As Cadbury Schweppes (CBRY.L: Quote, Profile, Research) moves closer to being a pure confectionery company by selling its North American Dr Pepper drinks unit, industry analysts say it should now pull off a merger deal before it becomes a target.
Cadbury’s shareholders on Friday approved the British group’s plan to spin off Dr Pepper in May, and analysts say the company is now looking to buy U.S.-based chocolate maker Hershey Co (HSY.N: Quote, Profile, Research).
The deal would have clear strategic logic, as Cadbury, the world’s biggest confectionery group, lacks presence in the U.S. chocolate market, while Hershey is looking to expand overseas.
The London-based maker of Dairy Milk chocolate, Trident gum and Halls cough drops will be reborn on May 2 as Cadbury Plc after being wedded to Schweppes for 39 years. The Dr Pepper Snapple Group (DPSG) unit will be separately listed in New York from May 7 payday advance online.
“Cadbury’s management has made clear that they are interested in a deal with Hershey in order to consolidate the confectionery industry,” said analyst Ian Kellett at Numis.
Others are conscious of the obstacles, particularly the potential obstruction of the trust that controls Hershey.

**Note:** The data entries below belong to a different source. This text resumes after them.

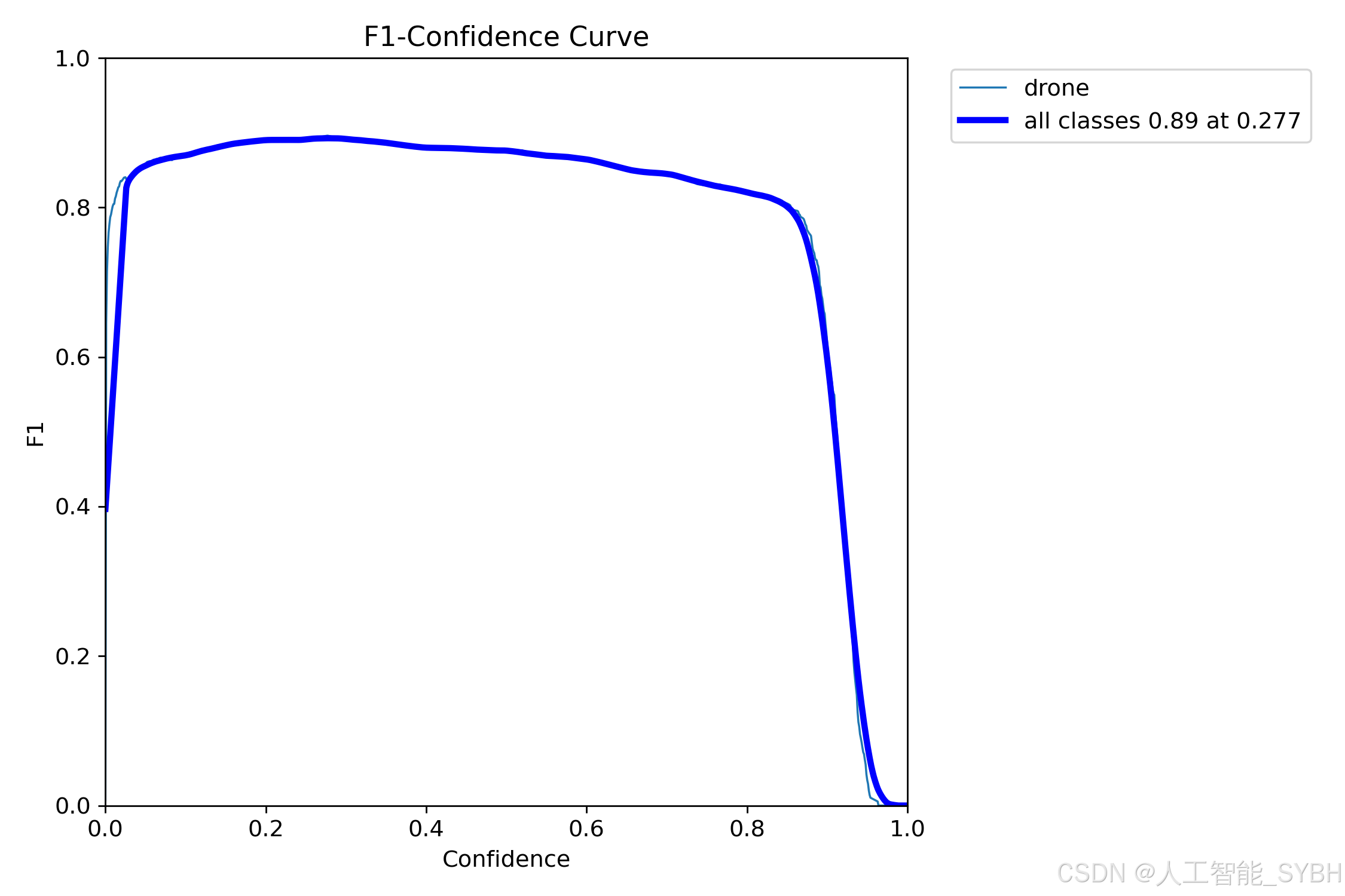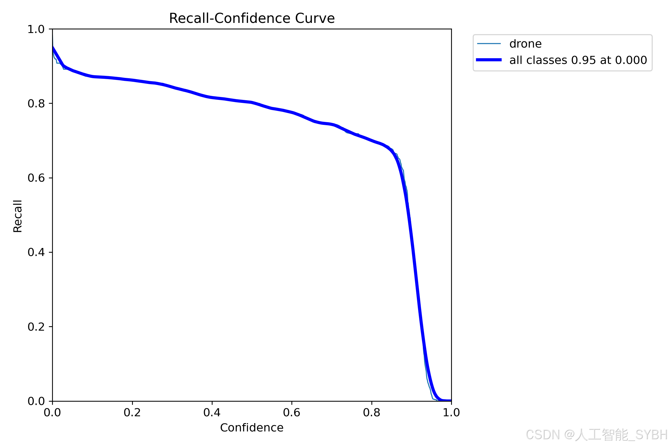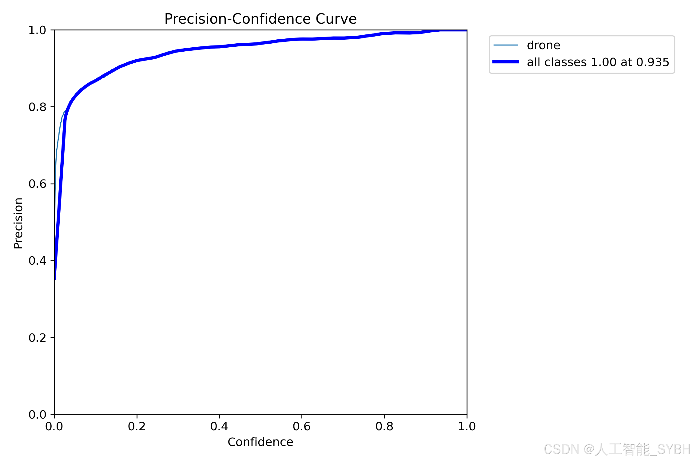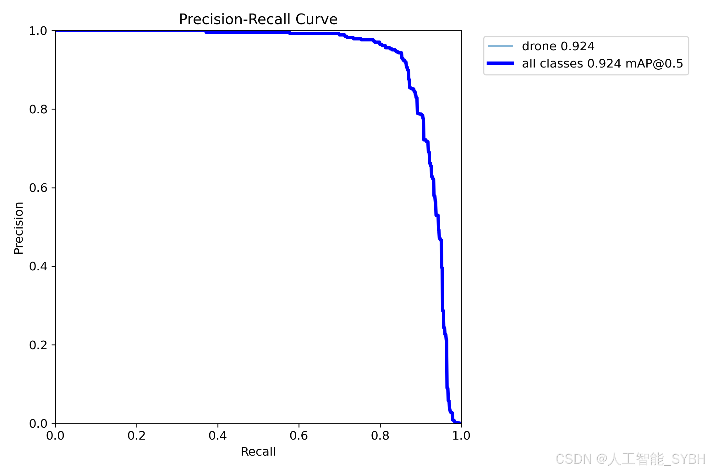 PR曲线体现精确率和召回率的关系,本文训练结果的PR曲线如下。mAP表示Precision和Recall作为两轴作图后围成的面积,m表示平均,@后面的数表示判定iou为正负样本的阈值。mAP@.5:表示阈值大于0.5的平均mAP,无人机的mAP@0.5已经达到0.924 。
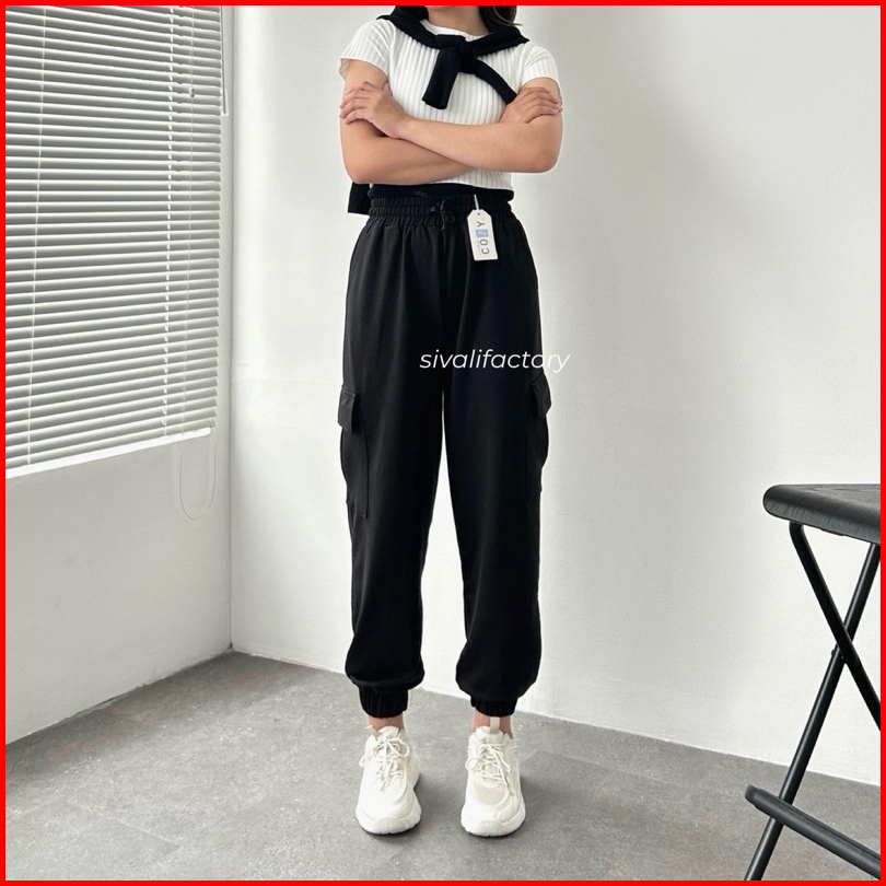 Celana Jogger Kargo Cargo Panjang Wanita Bahan Tebal Premium Katun Fleece
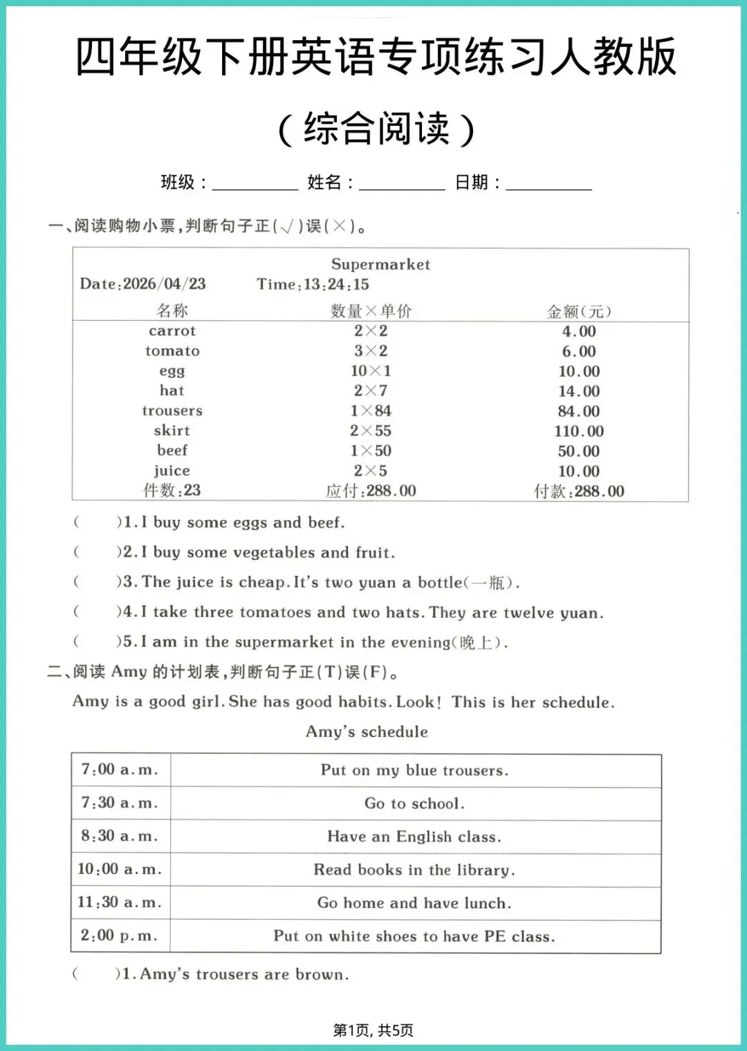 2026春人教版四年级下册英语《综合阅读专项练习》新鲜出炉!5页精华,紧贴课本话题,涵盖故事、对话、科普小短文,配高频词汇表答题技巧框,带孩子一遍读透、二遍抓关键词、三遍提速不失分。每天10分钟,语感、词汇、理解力同步飞,期末阅读拿满分不再难!家有四年级娃的爸妈,赶紧打印出来,让孩子练起来,好资源不等人!

“It would make strategic sense to combine Hershey and Cadbury in the U.S., although it is unlikely near-term, given the trust’s commitment to retain control of Hershey,” said Polly Barclay at Cazenove.
However, last week’s announcement that the Hershey Trust’s Chief Executive Robert Vowler, Hershey’s top shareholder, will retire in April 2009, could mean events are moving forward after fruitless Cadbury-Hershey takeover talks of recent months.